The Bench said,” It is no more res integra that the principal of “claimant stepping into the shoes of owner” is applicable only in respect of Section 163-A of the Act, wherein this special provision is meant for special class of claimants based on no fault liability basis which provides it is the owner or the authorized insurer who has to be the indemnifier as per the scheme of Section 163-A of the Act, which is not the case in respect of Section 166 of the Act.”

The Bench referred to the judgment of the Apex Court case in Ningamma and Anr. .v/s. United India Insurance Company wherein it was categorically held that in case of claim under Section 163-A the liability is upon the owner of the vehicle to pay compensation and a person cannot be both recipient as well as the claimant. In such a case an application should be moved under Section 166 of the Act. 

Another issue that was determined by the Court was pertaining to the compensation that should be granted to the appellant in accordance with the terms of the insurance policy. The Counsel for the petitioner stated that he was covered under Section 2 Clause 3 of the insurance policy and fell in the category of ‘third party” . It was submitted that since the petitioner/ appellant was not the registered owner of the vehicle, he therefore should be treated as “third party” . 

The Court also noted that the Member of the Tribunal did not consider the clauses of the insurance policy at all. The Counsel for the petitioner also cited the case of New Asiatic Insurance Company Limited .v/s. Pessumal Dhanamal Aswani and ors. , wherein the Apex Court has held that once the company has undertaken liability to third parties incurred by the persons specified in the policy, the third party right to recover any amount under or by virtue of provision of the act is not affected by any condition in the policy.
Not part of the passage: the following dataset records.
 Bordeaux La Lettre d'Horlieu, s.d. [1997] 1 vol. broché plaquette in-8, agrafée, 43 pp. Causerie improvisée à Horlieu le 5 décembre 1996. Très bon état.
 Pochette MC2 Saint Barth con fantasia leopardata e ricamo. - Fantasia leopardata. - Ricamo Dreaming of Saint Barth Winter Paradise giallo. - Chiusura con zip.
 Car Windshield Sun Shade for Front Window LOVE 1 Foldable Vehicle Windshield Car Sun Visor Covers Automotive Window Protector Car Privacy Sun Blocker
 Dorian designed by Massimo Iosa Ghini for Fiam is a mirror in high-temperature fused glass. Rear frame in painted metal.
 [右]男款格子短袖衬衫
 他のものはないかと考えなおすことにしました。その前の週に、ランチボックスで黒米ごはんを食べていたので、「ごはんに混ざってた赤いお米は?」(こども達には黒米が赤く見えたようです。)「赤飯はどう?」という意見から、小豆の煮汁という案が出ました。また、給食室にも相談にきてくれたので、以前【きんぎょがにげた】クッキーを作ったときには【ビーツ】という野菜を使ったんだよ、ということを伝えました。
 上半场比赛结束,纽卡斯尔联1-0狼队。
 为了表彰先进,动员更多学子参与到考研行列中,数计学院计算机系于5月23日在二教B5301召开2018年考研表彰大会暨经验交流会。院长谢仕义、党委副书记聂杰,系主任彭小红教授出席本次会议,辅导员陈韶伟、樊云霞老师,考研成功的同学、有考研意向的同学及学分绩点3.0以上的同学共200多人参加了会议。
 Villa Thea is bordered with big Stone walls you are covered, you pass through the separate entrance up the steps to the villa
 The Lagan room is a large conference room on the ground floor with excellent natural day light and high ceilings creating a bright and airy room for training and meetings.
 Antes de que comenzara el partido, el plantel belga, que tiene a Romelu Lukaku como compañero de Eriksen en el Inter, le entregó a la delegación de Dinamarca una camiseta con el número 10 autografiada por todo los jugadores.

However, the Member of the Tribunal paid no attention to the clauses of the policy. Thus, the Court was of the view that the insurance policy being the comprehensive one and the insurer  was not able to prove the breach of the policy makes the appellant entitled for compensation. It was also held that if the observation of the Member of the Tribunal was followed then in accordance with the same, no driver will be ever able to claim compensation and the same shall vitiate the objective of the Act. 

In view of above stated findings the order of the Court directed the respondents to pay jointly and severally compensation of Rs.42,45,000 alongwith simple interest of 8% p.a. from the date of filing of claim petition.